Once a feat is tackled, the flag is planted and the bell rung, you must make it harder, faster, and more punishing. It’s no longer enough to finish one difficult epic journey. While I write this there is a group of individuals that finished running 7 marathons in 7 days on 7 continents yesterday.

You get a special trophy -the Arrowhead A’trois- if you finish this winter race in all three modes of propulsion: ski, run, and bike over a period of three years. There is a Brazilian racer this year that is trying to finish the Badwater series. He has run the Badwater 135 in Death Valley (hottest),  Badwater Brazil (mountains), and is now attempting to finish the Arrowhead Ultra (coldest). He has been training in a freezer. Not kidding. Where does one find cold weather in Brazil? A walk-in freezer. I wish him well, but nothing has prepared him for the six inches of snow today expected on the trail and sub-zero temps at night. 30 degrees is balmy here, 30 below is to be expected and prepared for.

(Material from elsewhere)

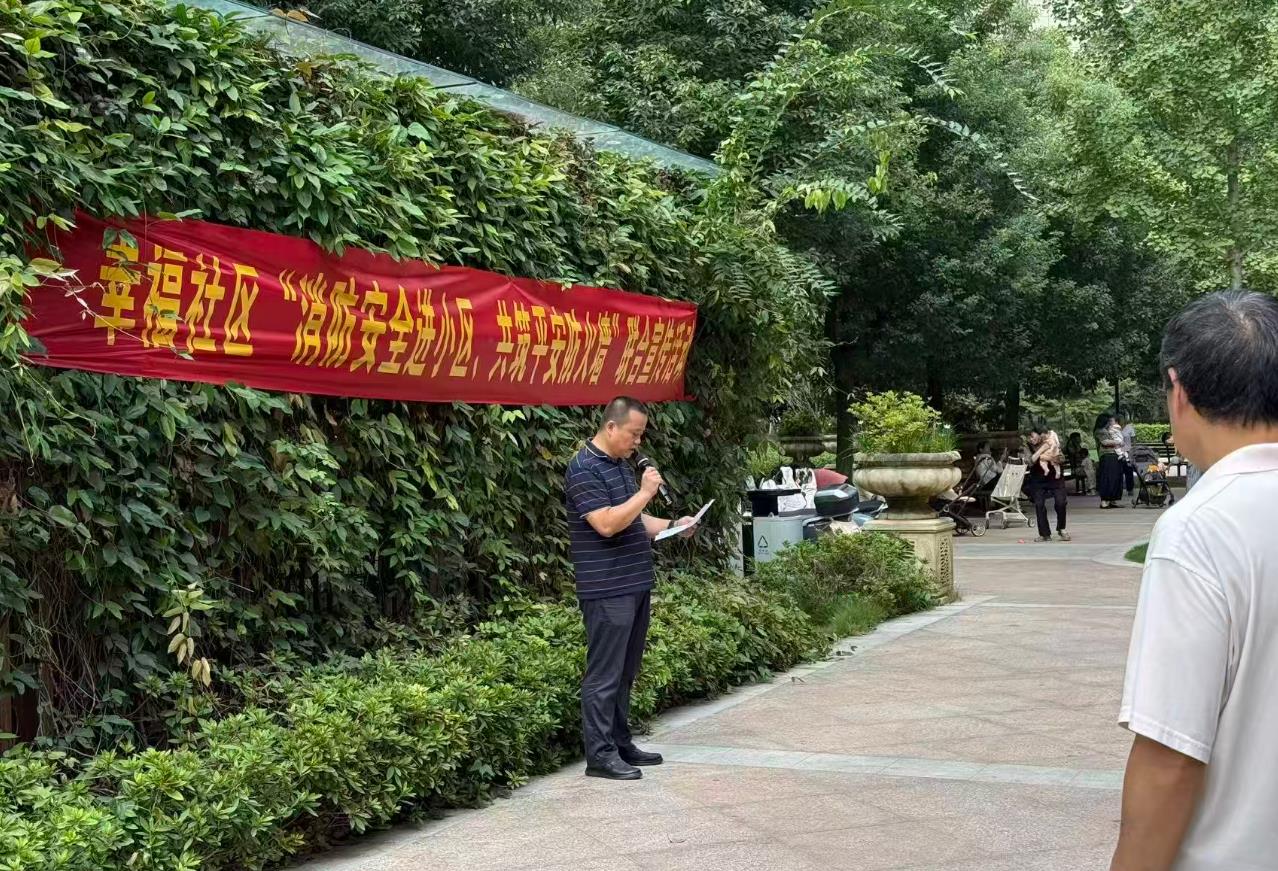 首先幸福社区夏书记介绍本次宣传活动的目的和意义,并明确了活动的重要性,消防安全是社区治理的“生命线”,更是保障居民幸福生活的“底线”,通过此次活动希望居民朋友们能主动学习消防知识,自觉遵守消防法规,积极参与社区消防工作,成为消防安全的“守护者”和“宣传员”。

I admire people that do hard things, while I recognize that we have a cush lifestyle that allows us to train for these experiences, travel to different places, and the funds to do so. We aren’t fleeing through the mountains being chased by those that would do us harm. We aren’t running through the desert to flee from persecution. My husband doesn’t need to sleep outside in the winter trying to get us food off the trail. We have plenty. It’s a voluntary struggle that all of these racers sign-up for, yet they are the ones that run, walk, and ski it.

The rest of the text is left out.